Most people would prefer opinionated libraries that allow them to not think about the design tradeoffs. The core implementation is targeted at efficient creation of opinionated abstractions rather than providing one. This is the right choice. Every opinionated abstraction is going to be poor for some applications.
Also, as noted in that Simon Tatham article, Python makes choices at the language level that you have to fuss over yourself in C++. Given how different Trio is from asyncio (the async library in Python's standard library), it seems to me that making some of those basic choices wasn't actually that restrictive, so I'd guess that a lot of C++'s async complexity isn't that necessary for the problem.
[1] https://vorpus.org/blog/notes-on-structured-concurrency-or-g...
Thanks for the list.
1. C++20 coros are stackless, in the general case every async "function call" heap allocates.

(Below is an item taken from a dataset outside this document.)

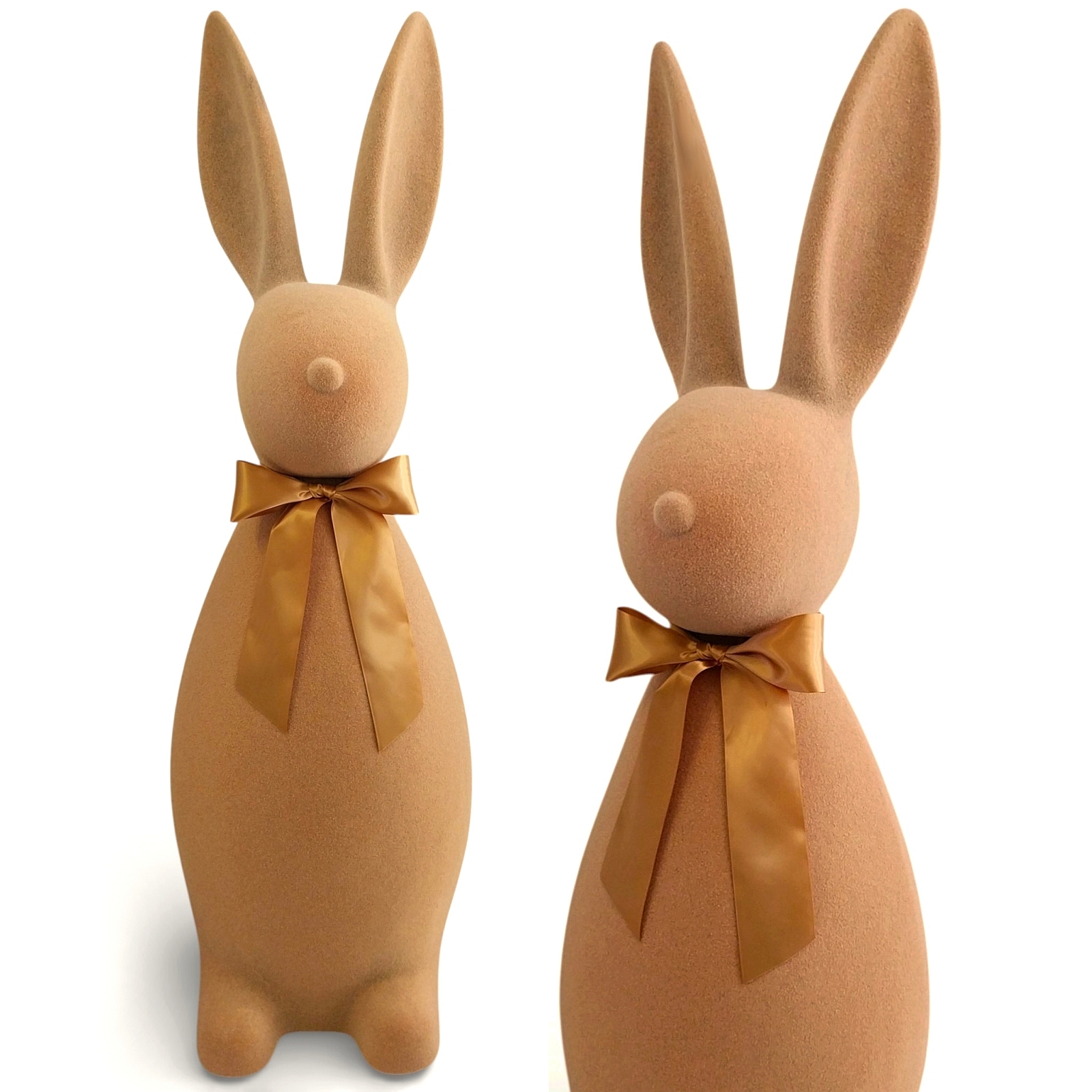5. Zając wielkanocny duży 130 cm brązowy flokowany królik z kokardką dekoracja świąteczna

2. If you do your own stackful coroutines, every function can suspend/resume, you don't have to deal with colored functions.
3. (opinion) C++20 coros are very tasteless and "C++-design-commitee pilled". They're very hard to understand, implement, require the STL, they're very heavy in debug builds and you'll end up with template hell to do something as simple as Promise.all
I'm not normally keen to "well actually" people with the C standard, but .. if you're writing in assembly, you're not writing in C. And the obvious consequence is that it stops being portable. Minicoro only supports three architectures. Granted, those are the three most popular ones, but other architectures exist.

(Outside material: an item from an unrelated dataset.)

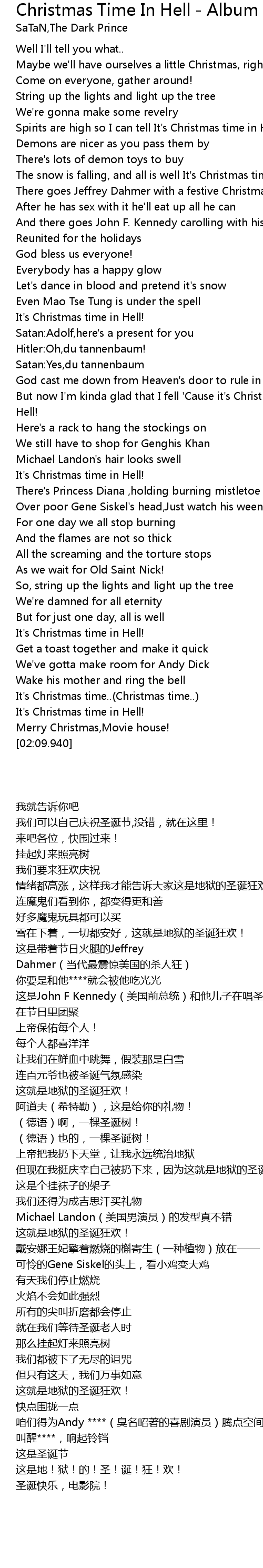 But now I'm kinda glad that I fell 'Cause it's Christmas time in Hell! |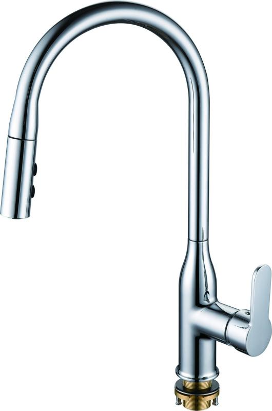 Смеситель для кухни RUSH арт. TE2835-24 с поворотным изливом и вытяжной лейкой с металлической ручкой из коллекции Tenerife изготовлен из высококачественной латуни и имеет рычажное управление, угол наклона- 8гр.

(just double checked and it doesn't do Windows/ARM, for example. Not that I'm expecting Microsoft to ship full conformance for C++23 any time soon, but they have at least some of it)
These days on Linux/BSD/Solaris/macOS you can use makecontext()/swapcontext() from ucontext.h and it will turn out roughly the same performance on important architectures as what everyone used to do with custom assembly. And you already have fiber functions as part of the Windows API to trampoline.

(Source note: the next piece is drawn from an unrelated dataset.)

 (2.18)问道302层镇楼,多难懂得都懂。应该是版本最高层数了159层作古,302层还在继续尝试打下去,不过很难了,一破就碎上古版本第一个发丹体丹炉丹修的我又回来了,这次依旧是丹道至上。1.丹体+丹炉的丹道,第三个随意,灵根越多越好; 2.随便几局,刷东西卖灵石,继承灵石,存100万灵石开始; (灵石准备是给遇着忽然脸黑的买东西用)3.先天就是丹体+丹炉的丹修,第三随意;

I had to support a number of architectures in libdex for Debian. This is GNOME code of course, which isn't everyone's cup of C. (It also supports BSDs/Linux/macOS/Solaris/Windows).
Also, although not likely to be removed anytime soon from existing systems, POSIX has declared the context API obsolescent a while ago (it might actually no longer be part of the standard).
They are actively working on it for their VS2026 C++ compiler. I think since 2017 or so they've kept up with C++ standards reasonably? I'm not a heavy C++ guy, so maybe I'm wrong, but my understanding is they match the standards.
This support table is complete mess. And saying "most platforms are supported" is too optimistic or even cocky.
Passing uncaught exceptions from the coroutine up to the caller is also pretty easy, because it's all synchronous. You just need to wrap it so it can safely travel across the gap. You can restrict the exception types however you want. I chose to support only subclasses of std::exception and handle anything else as an unknown exception.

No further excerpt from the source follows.